TASK TO COMPLETE: Although the entries contain pictures, return everything else in them verbatim and omit the pictures.

---

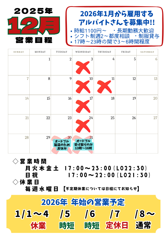 2025/11/1·2 総合文化祭出店の為店舗休業💤
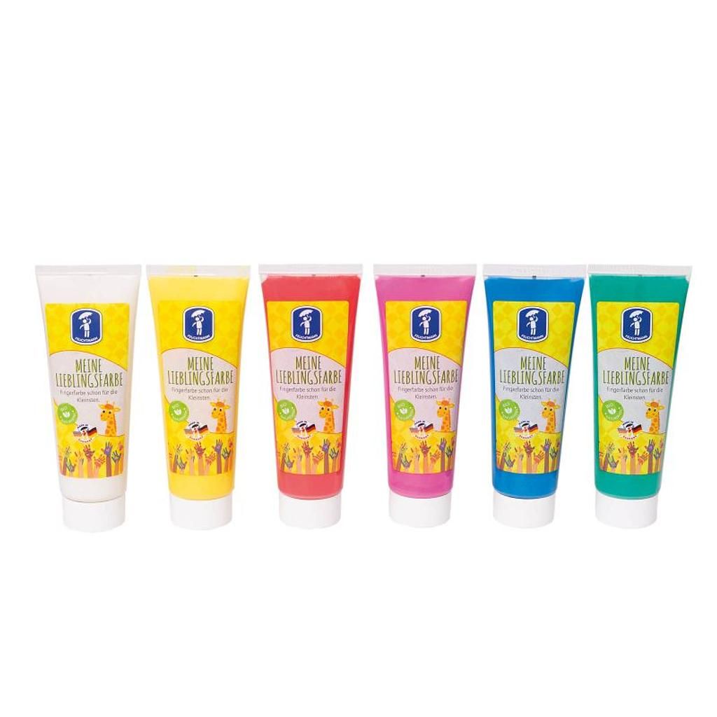 – 6 Tuben à 75 g Feuchtmann Fingerfarbe (Gelb, Rot, Grün, Blau, Pink, Weiss)
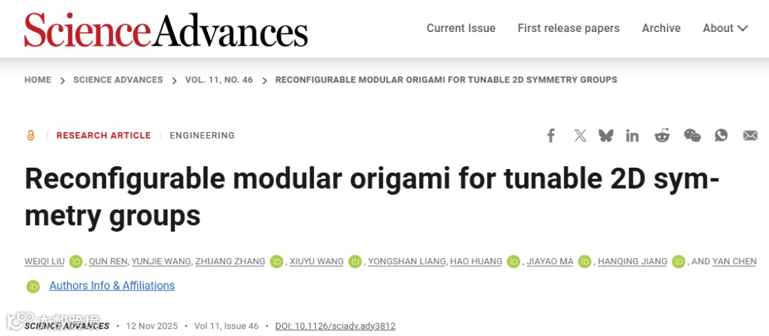 Weiqi Liu#, Qun Ren#, Yunjie Wang, Zhuang Zhang, Xiuyu Wang, Yongshan Liang, Hao Huang, Jiayao Ma, Hanqing Jiang*, Yan Chen*. Reconfigurable modular origami for tunable 2D symmetry groups, Science Advances, 2025, 11, eady3812.
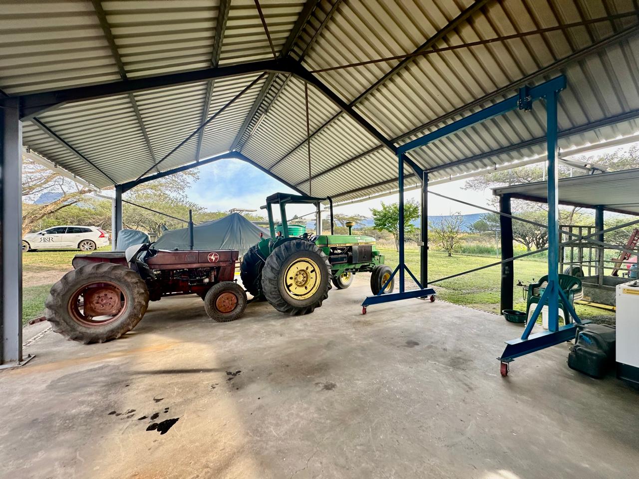 Security is a top priority, with the home and outbuildings secured by a perimeter electric fence, security cameras, and a 24/7 response service. The property includes 280m2 of outbuildings including a workshop and shed, in addition to garages for vehicle and equipment storage.
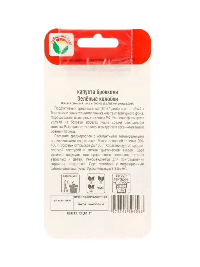 Семена Капуста брокколи «Зелёные колобки», 0.2 г, «Сибирский сад»
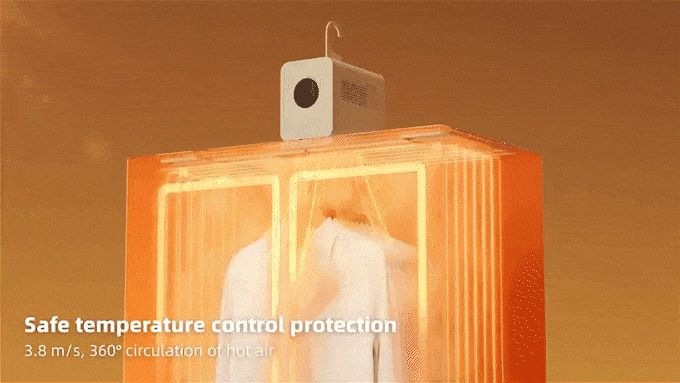 折りたたみ式のサイドアームがついており、広げて吊るせばBOXハンガーのように使用できる。フードをかぶせて衣類を収納、スイッチを押せば衣類乾燥機になる仕様だ。付属の吸盤式フックを使えば、吊り下げポールがない場所でも使用できる。
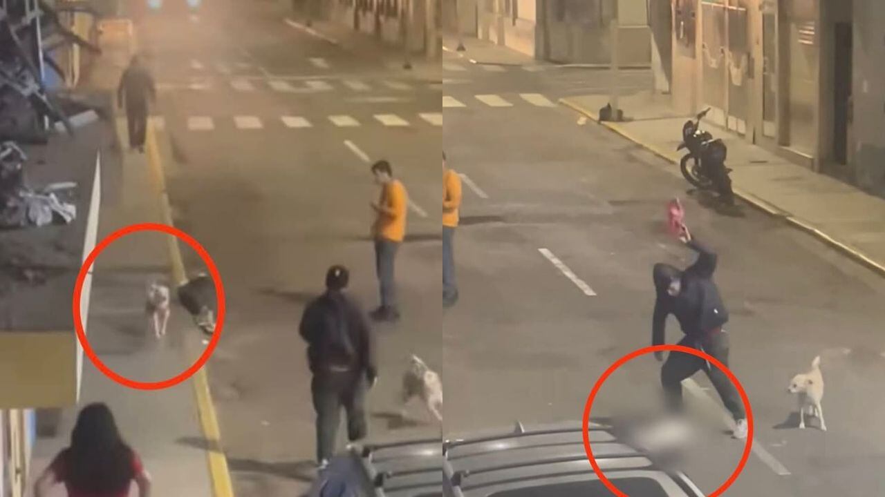 Una cámara de seguridad captó el momento exacto del crimen. En las imágenes se observa cómo el sujeto ataca al animal, y luego intenta agredir con un cuchillo a un joven que intentó intervenir. Los vecinos, indignados, reaccionaron arrojando piedras contra su vivienda.

---

ANSWER TO THE PROBLEM:
 2025/11/1·2 総合文化祭出店の為店舗休業💤
 – 6 Tuben à 75 g Feuchtmann Fingerfarbe (Gelb, Rot, Grün, Blau, Pink, Weiss)
 Weiqi Liu#, Qun Ren#, Yunjie Wang, Zhuang Zhang, Xiuyu Wang, Yongshan Liang, Hao Huang, Jiayao Ma, Hanqing Jiang*, Yan Chen*. Reconfigurable modular origami for tunable 2D symmetry groups, Science Advances, 2025, 11, eady3812.
 Security is a top priority, with the home and outbuildings secured by a perimeter electric fence, security cameras, and a 24/7 response service. The property includes 280m2 of outbuildings including a workshop and shed, in addition to garages for vehicle and equipment storage.
 Семена Капуста брокколи «Зелёные колобки», 0.2 г, «Сибирский сад»
 折りたたみ式のサイドアームがついており、広げて吊るせばBOXハンガーのように使用できる。フードをかぶせて衣類を収納、スイッチを押せば衣類乾燥機になる仕様だ。付属の吸盤式フックを使えば、吊り下げポールがない場所でも使用できる。
 Una cámara de seguridad captó el momento exacto del crimen. En las imágenes se observa cómo el sujeto ataca al animal, y luego intenta agredir con un cuchillo a un joven que intentó intervenir. Los vecinos, indignados, reaccionaron arrojando piedras contra su vivienda.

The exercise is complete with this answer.